The first place I had ever seen an API actually at work was as part of an operating system. It was a strange OS at that, a permutation of CP/M that used a graphical front end called GEM, which would later be ported to the Atari ST. The definition was explained to me like this: An “interface,” as everyone knows, is a specification for how electrical components interconnect. Well, now it’s possible for an application program – the part that does what users need – to interconnect with the operating system, which does what the computer needs. This way the operating functions don’t have to be built into every program, they can just be handed off to the OS and the connection will look seamless. The principle was called a layer of abstraction. It was 1984, and it was the first time I’d heard the term.
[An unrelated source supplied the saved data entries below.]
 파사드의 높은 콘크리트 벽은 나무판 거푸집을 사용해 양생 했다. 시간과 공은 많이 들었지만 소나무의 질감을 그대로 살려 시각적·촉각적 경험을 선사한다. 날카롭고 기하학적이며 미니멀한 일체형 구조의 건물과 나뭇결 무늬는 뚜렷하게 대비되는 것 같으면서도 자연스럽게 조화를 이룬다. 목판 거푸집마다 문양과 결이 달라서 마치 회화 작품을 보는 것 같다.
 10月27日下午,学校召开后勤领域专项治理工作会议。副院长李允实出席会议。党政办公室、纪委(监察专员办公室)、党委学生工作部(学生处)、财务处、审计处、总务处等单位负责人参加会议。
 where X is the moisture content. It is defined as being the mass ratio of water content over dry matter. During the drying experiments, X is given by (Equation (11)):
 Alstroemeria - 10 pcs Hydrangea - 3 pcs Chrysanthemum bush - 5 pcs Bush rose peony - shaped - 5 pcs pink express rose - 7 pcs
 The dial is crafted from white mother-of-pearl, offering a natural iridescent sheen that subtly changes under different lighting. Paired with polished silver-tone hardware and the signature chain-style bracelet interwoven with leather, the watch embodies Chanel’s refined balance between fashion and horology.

It would be wrong to call the concept “revolutionary,” unless you measure time in units of eons. Nearly three decades after its introduction, only recently have businesses come to realize how widely this architectural principle could be applied. No longer do complex processes have to be bound to precise, policy-intrinsic procedures. If teams can work independently, and computer resources devised to suit each team individually, then all that needs to be specified is the exchange of information between them.
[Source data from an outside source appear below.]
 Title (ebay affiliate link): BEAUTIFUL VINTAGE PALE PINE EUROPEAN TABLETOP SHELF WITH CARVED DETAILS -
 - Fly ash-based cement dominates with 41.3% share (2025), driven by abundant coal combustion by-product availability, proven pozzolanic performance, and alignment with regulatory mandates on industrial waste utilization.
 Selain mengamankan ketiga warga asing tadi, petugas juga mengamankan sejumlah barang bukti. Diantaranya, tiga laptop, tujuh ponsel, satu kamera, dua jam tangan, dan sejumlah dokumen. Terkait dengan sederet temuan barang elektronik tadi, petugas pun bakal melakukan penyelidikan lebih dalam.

So it is that a software designer ends up becoming one of the public faces of the ideal of API architecture as a business tool. Daniel Jacobson is the lead API engineer for Netflix – arguably the largest single consumer of bandwidth on the entire Internet. His O’Reilly book, APIs: A Strategy Guide, co-authored with Apigee CTO Greg Brail and research editor Dan Wood, deals with the implementation of APIs not so much for software’s own exclusive purposes, but moreover as a means of realigning and renovating business’ resources overall.

“APIs should not be geeky ‘science projects,’” reads the first paragraph of Chapter 4. “They are critical business tools. Successful APIs need clear objectives that relate directly to business objectives and track closely to key performance indicators for the business at large.”

More open on the inside

We’ve written here in ReadWriteWeb in the past about the value of APIs in providing transparency and accessibility to businesses, mainly through enabling them to develop mobile apps that connect more directly to their customers. Jacobson has a different perspective, which derives from his experience with Netflix, and earlier as the creator of the API for NPR. It was in 2002 that Jacobson and his NPR team made discoveries that he describes as part logic, part luck.

“At that time, a lot of publishers would be buying these CMSes, off-the-shelf products like Interwoven or Vignette,” Jacobson relates to RWW. “And the flexibility, and the opportunity for thinking in these [new] kinds of ways, was somewhat limited.”

Subsisting sometimes from month to month on public and government funding, NPR didn’t have the budget to go big and invest in a colossal, support-intensive CMS like Vignette – an investment which, at that time, often cost bigger businesses tens if not hundreds of thousands per year, after including maintenance costs. Faced with no other obvious option, NPR was forced to go it alone, building its own CMS. And in recognizing the need to maximize its efficiency, Jacobson and his colleagues decided that their system had to be designed from the beginning to be flexible enough to publish to any platform, including those that had not yet been created.

So NPR adopted a design philosophy called COPE: Create Once, Publish Everywhere.

“That was the really fortunate decision that we made… We didn’t think about iPhones and tablets, and things like that, in 2002. But we were thinking that we could imagine a case somewhere down the road where the Web site would need to change again, or we’re going to do another redesign… It was really important for us to have this COPE model, so we can actually capture all the metadata that’s important to us in a very modularized way so that, regardless of what the display is going to look like, we can publish to it very easily. So conceptually, we separated the idea of capturing the data from presenting the data.”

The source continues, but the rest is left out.